Department of Applied Physics and Astronomy, University of Sharjah, Sharjah 27272, United Arab Emirates Sharjah; Centre for Advanced Materials Research, Research Institute of Sciences and Engineering, University of Sharjah, Sharjah 27272, United Arab Emirates Sharjah; Laboratoire de Photovoltaïque, Centre de Recherches et des Technologies de l'Energie, Technopole de Borj-Cédria, Hammam-Lif 2050, Tunisia.
Department of Applied Physics and Astronomy, University of Sharjah, Sharjah 27272, United Arab Emirates Sharjah; Centre for Advanced Materials Research, Research Institute of Sciences and Engineering, University of Sharjah, Sharjah 27272, United Arab Emirates Sharjah.
J Environ Sci (China). 2021 Mar;101:123-134. doi: 10.1016/j.jes.2020.08.010. Epub 2020 Aug 25.
Homogeneous and vertically aligned silicon nanowires (SiNWs) were successfully fabricated using silver assisted chemical etching technique. The prepared samples were characterized using scanning electron microscopy, transmission electron microscopy and atomic force microscopy. Photocatalytic degradation properties of graphene oxide (GO) modified SiNWs have been investigated. We found that the SiNWs morphology depends on etching time and etchant composition. The SiNWs length could be tuned from 1 to 42 µm, respectively when varying the etching time from 5 to 30 min. The etchant concentration was found to accelerate the etching process; doubling the concentrations increases the length of the SiNWs by a factor of two for fixed etching time. Changes in bundle morphology were also studied as function of etching parameters. The SiNWs diameter was found to be independent of etching time or etchant composition while the size of the SiNWs bundle increases with increasing etching time and etchant concentration. The addition of GO was found to improve significantly the photocatalytic activity of SiNWs. A strong correlation between etching parameters and photocatalysis efficiency has been observed, mainly for SiNWs prepared at optimum etching time and etchant concentrations of 10 min and 4:1:8. A degradation of 92% was obtained which further improved to 96% by addition of hydrogen peroxide. Only degradation efficiency of 16% and 31% has been observed for bare Si and GO/bare Si samples respectively. The obtained results demonstrate that the developed SiNWs/GO composite exhibits excellent photocatalytic performance and could be used as potential platform for the degradation of organic pollutants.

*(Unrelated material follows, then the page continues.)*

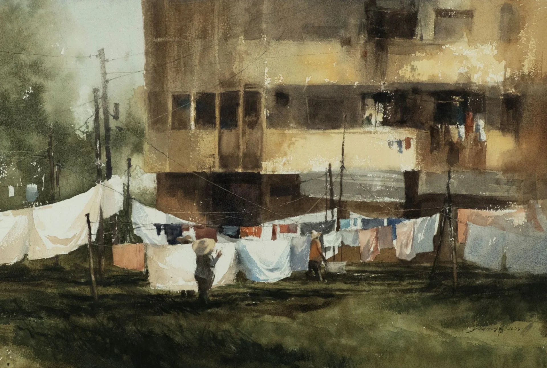 Hailing from Taiping, Jian Yang began painting at eight after learning watercolour from artist Liau Sin Fah. His background in architecture sharpened his eye for structure and balance, which define his work today. “Every subject matter can excel if the composition is meticulously crafted. Composition is king!” he says. Through “Somewhere, Quietly,” he hopes viewers will pause and find calm in a world that seldom slows down.

采用银辅助化学刻蚀技术成功制备了均匀垂直排列的硅纳米线(SiNWs)。使用扫描电子显微镜、透射电子显微镜和原子力显微镜对制备的样品进行了表征。研究了氧化石墨烯(GO)修饰的 SiNWs 的光催化降解性能。我们发现,SiNWs 的形态取决于刻蚀时间和刻蚀剂组成。当刻蚀时间从 5 分钟变化到 30 分钟时,SiNWs 的长度可以分别从 1 µm 调节到 42 µm。发现刻蚀剂浓度会加速刻蚀过程;在固定的刻蚀时间下,将浓度加倍会使 SiNWs 的长度增加一倍。还研究了束状形态随刻蚀参数的变化。发现 SiNWs 的直径与刻蚀时间或刻蚀剂组成无关,而 SiNWs 束的尺寸随着刻蚀时间和刻蚀剂浓度的增加而增加。添加 GO 被发现显著提高了 SiNWs 的光催化活性。观察到刻蚀参数与光催化效率之间存在很强的相关性,主要是在最佳刻蚀时间和刻蚀剂浓度为 10 分钟和 4:1:8 的 SiNWs 中。降解率达到 92%,通过添加过氧化氢进一步提高到 96%。裸 Si 和 GO/裸 Si 样品的降解效率分别仅为 16%和 31%。所得结果表明,所开发的 SiNWs/GO 复合材料表现出优异的光催化性能,可作为降解有机污染物的潜在平台。